**Activity**: Below are the records. Retype, exactly, the lines from the first through the line with "1、进入游戏先在【选择宝可梦", and leave out the pictures.

(Extracted data entries)
____
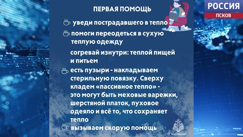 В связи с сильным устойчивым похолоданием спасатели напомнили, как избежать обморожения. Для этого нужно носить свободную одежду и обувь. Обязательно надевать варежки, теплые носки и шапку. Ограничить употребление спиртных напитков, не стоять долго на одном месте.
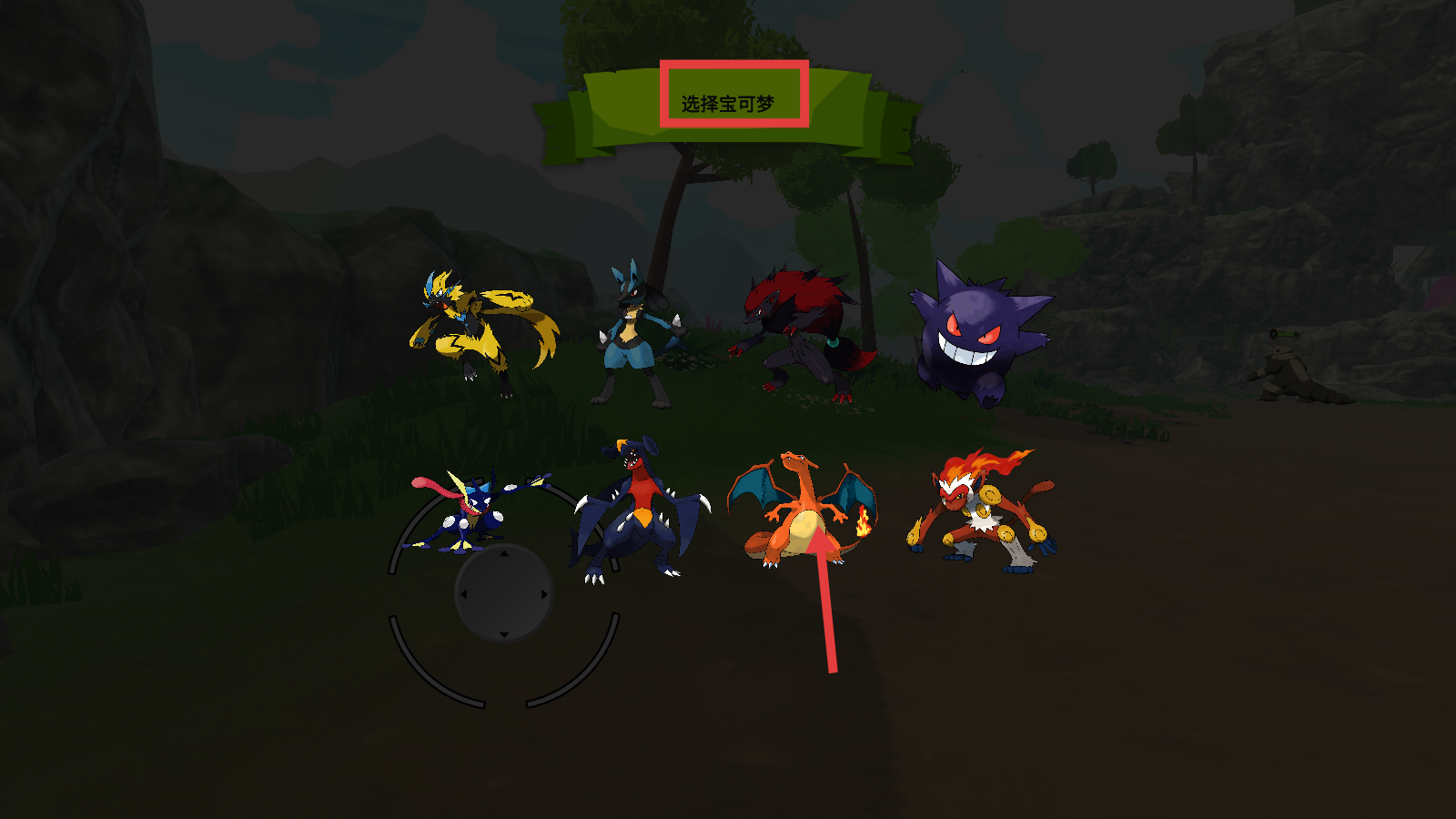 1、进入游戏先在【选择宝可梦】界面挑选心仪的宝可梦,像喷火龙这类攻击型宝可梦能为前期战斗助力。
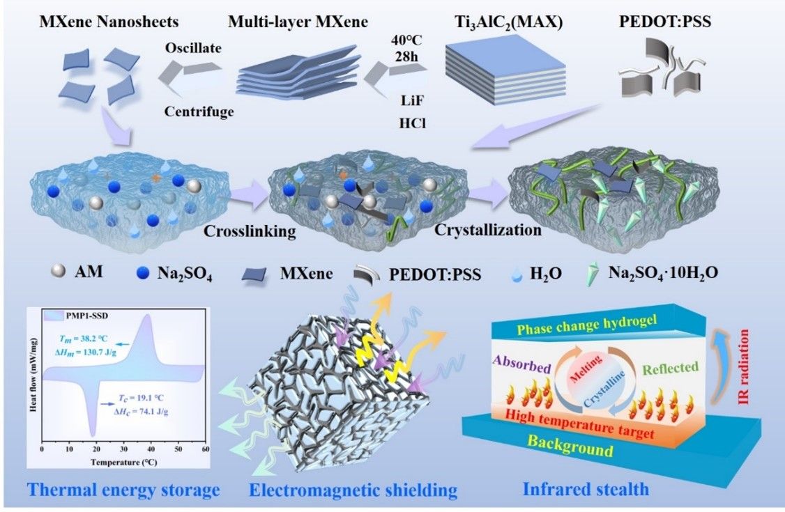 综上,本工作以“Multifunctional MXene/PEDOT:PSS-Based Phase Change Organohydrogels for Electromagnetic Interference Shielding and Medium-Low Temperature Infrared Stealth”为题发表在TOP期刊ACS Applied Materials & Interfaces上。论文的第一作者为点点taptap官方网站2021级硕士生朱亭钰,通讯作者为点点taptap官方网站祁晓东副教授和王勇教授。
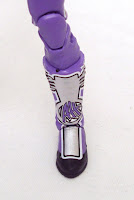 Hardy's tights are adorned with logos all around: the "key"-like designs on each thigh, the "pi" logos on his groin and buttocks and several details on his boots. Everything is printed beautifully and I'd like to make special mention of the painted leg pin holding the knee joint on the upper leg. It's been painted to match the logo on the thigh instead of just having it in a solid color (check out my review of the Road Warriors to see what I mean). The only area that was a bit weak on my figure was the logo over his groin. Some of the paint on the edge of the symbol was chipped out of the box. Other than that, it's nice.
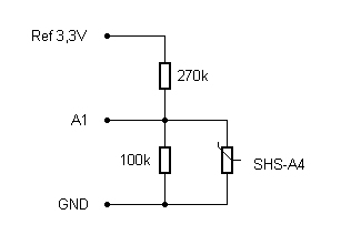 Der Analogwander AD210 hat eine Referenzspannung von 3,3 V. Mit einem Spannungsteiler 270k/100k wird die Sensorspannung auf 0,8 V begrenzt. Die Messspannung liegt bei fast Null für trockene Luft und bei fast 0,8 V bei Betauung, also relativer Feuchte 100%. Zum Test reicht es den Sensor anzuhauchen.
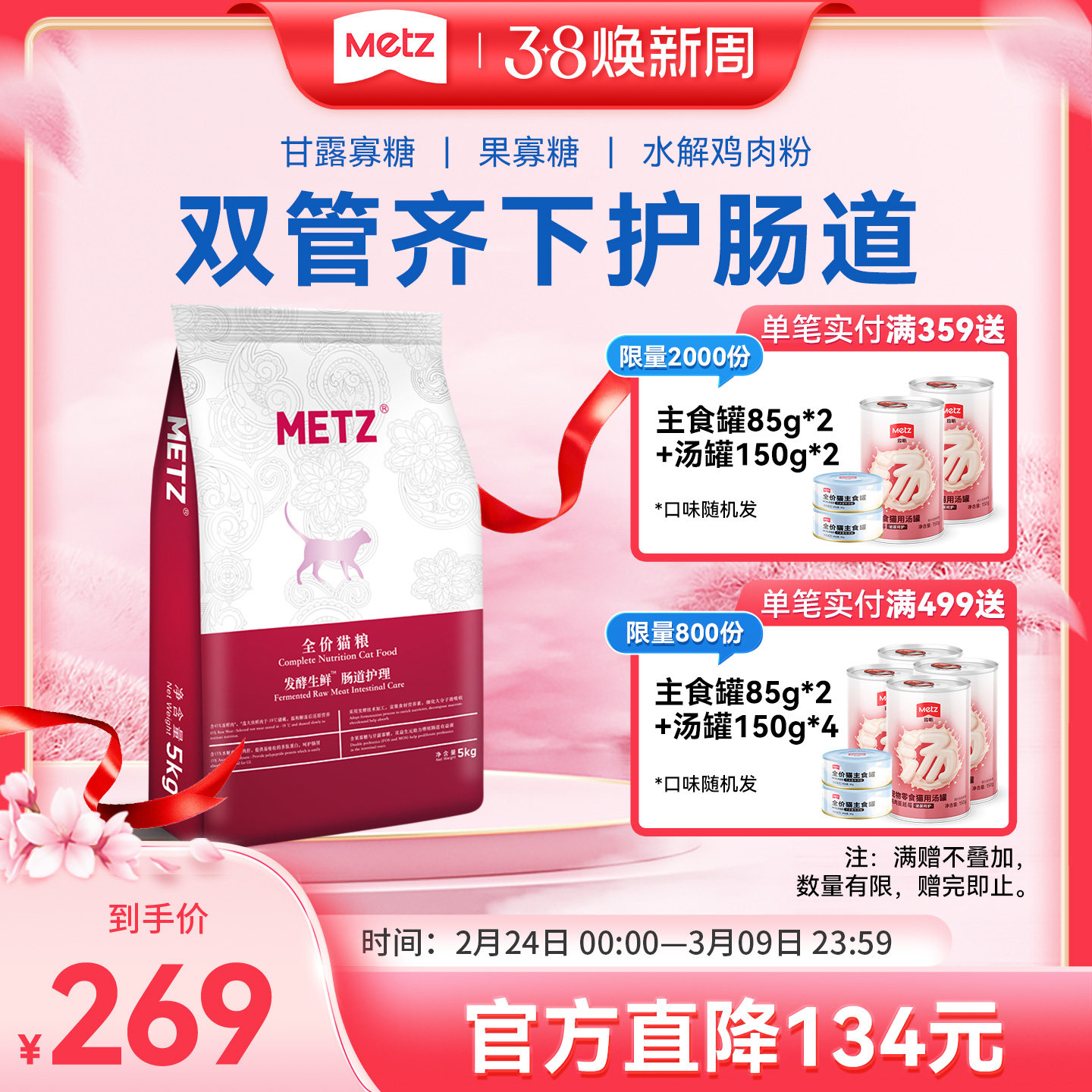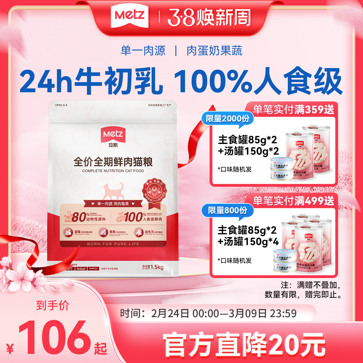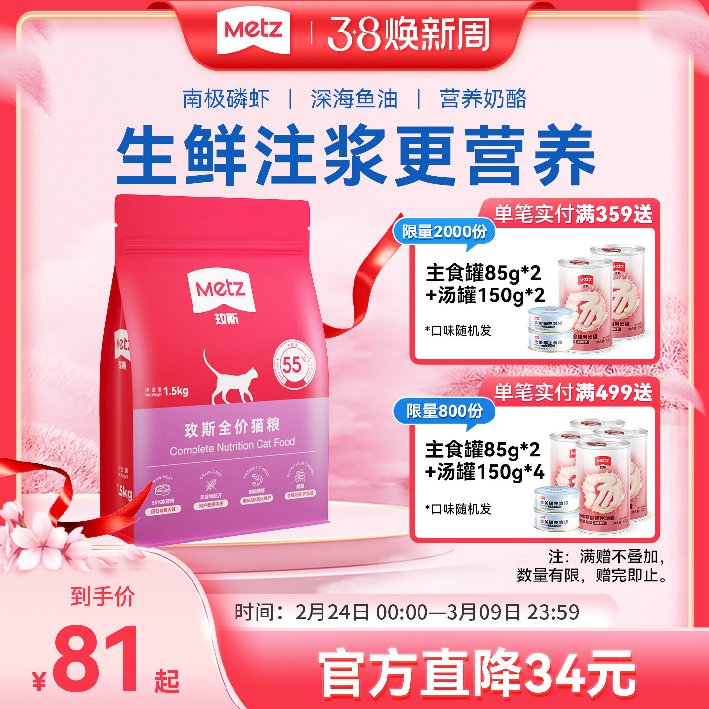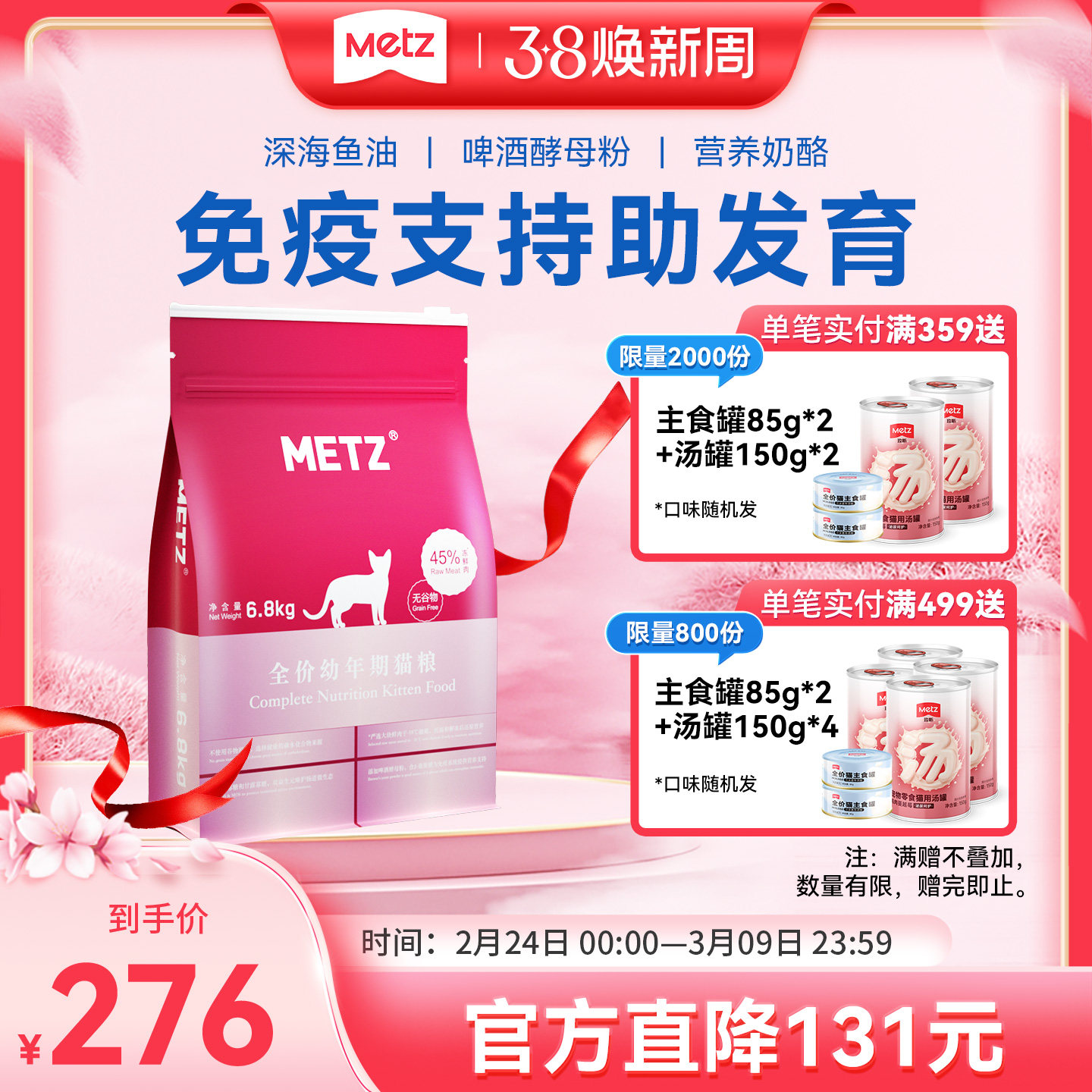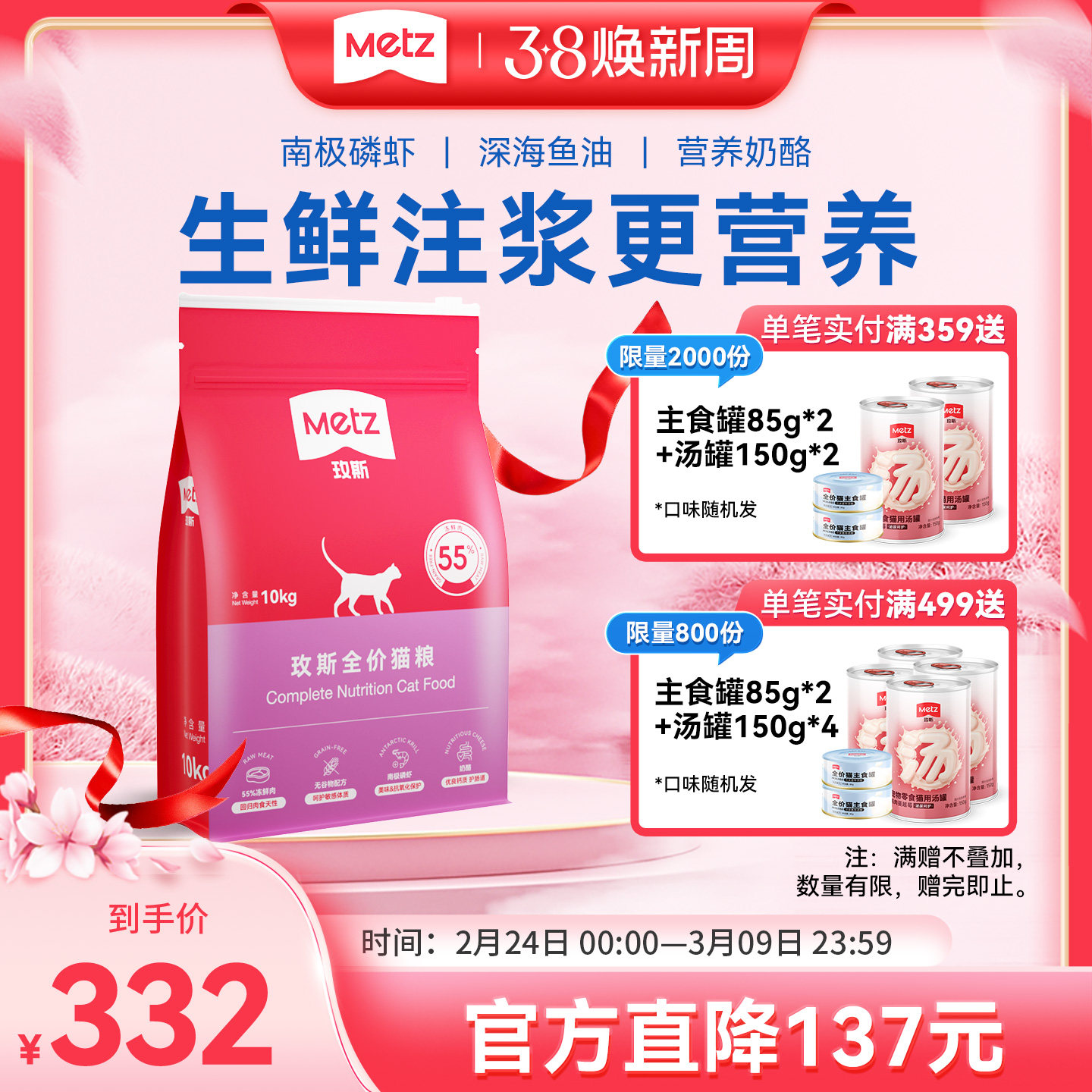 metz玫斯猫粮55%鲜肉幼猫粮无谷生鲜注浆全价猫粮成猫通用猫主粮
____
**Solution to this problem**:
 В связи с сильным устойчивым похолоданием спасатели напомнили, как избежать обморожения. Для этого нужно носить свободную одежду и обувь. Обязательно надевать варежки, теплые носки и шапку. Ограничить употребление спиртных напитков, не стоять долго на одном месте.
 1、进入游戏先在【选择宝可梦】界面挑选心仪的宝可梦,像喷火龙这类攻击型宝可梦能为前期战斗助力。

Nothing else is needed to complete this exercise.